TASK OBJECTIVE> Look through the entries below for the line with "Góry Dachstein, Austria, Gosauseen, Lasy, Jezioro, Zielone" and the line with "- formát A5", then give again exactly those two lines and all lines between them, minus the pictures.

PROVIDED ENTRIES>
....

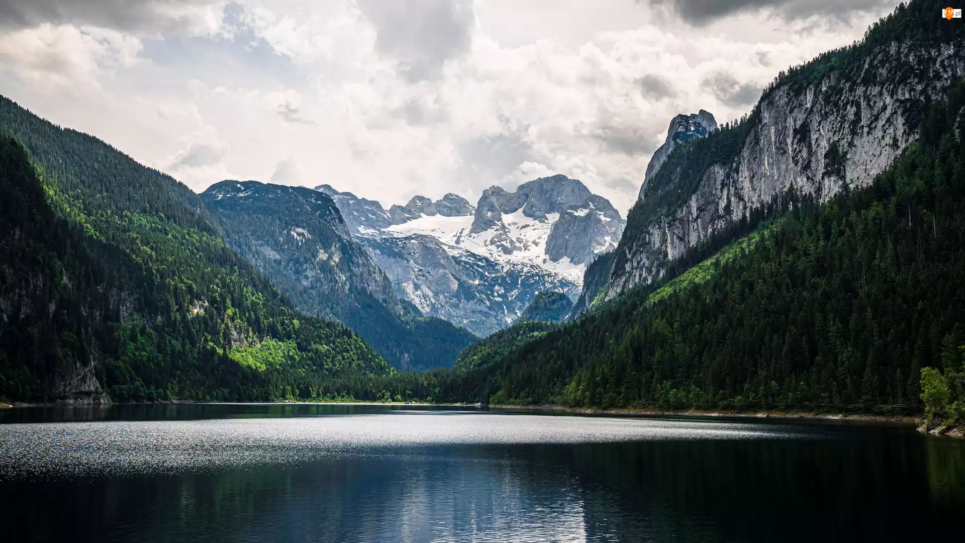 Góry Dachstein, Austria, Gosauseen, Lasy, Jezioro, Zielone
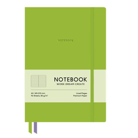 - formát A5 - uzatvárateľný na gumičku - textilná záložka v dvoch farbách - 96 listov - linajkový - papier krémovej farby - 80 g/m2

....

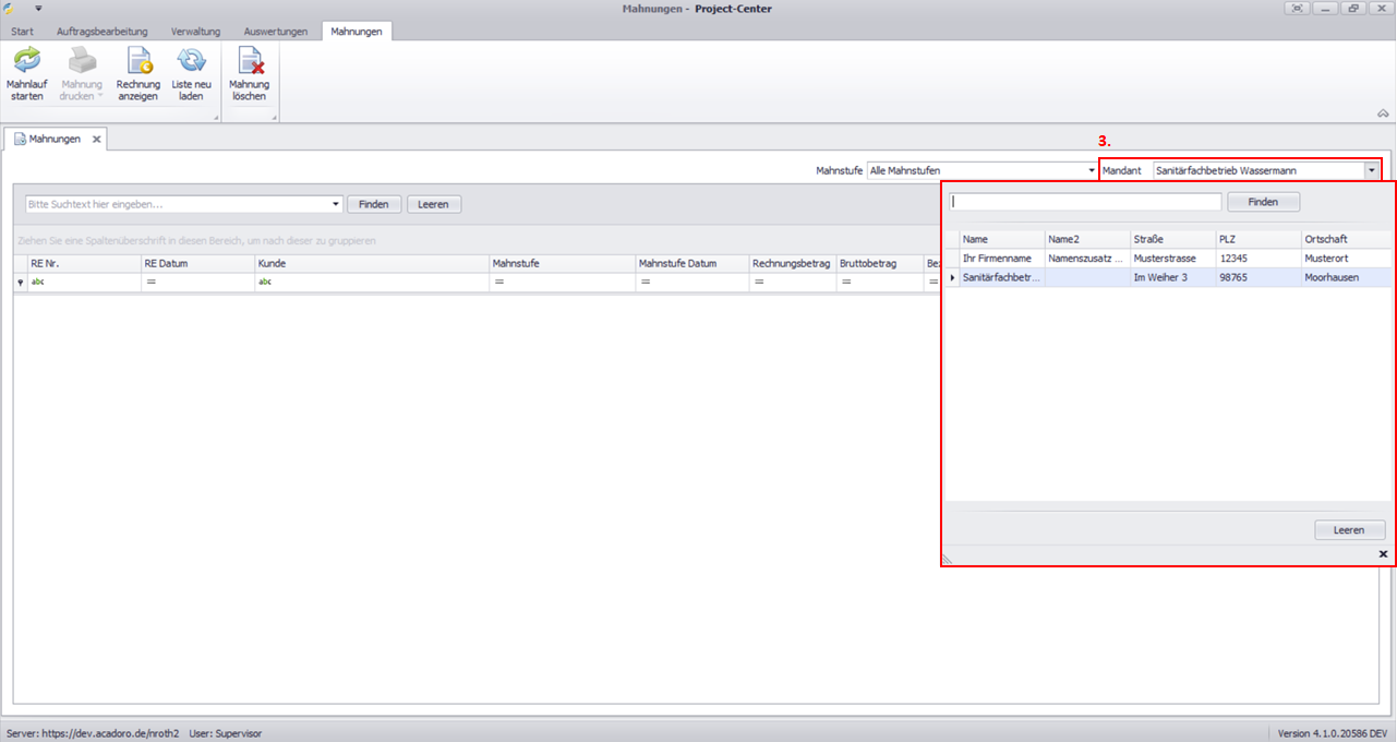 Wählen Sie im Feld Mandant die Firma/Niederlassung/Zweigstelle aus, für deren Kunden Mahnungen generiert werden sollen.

....

SOLUTION>
 Góry Dachstein, Austria, Gosauseen, Lasy, Jezioro, Zielone
 - formát A5 - uzatvárateľný na gumičku - textilná záložka v dvoch farbách - 96 listov - linajkový - papier krémovej farby - 80 g/m2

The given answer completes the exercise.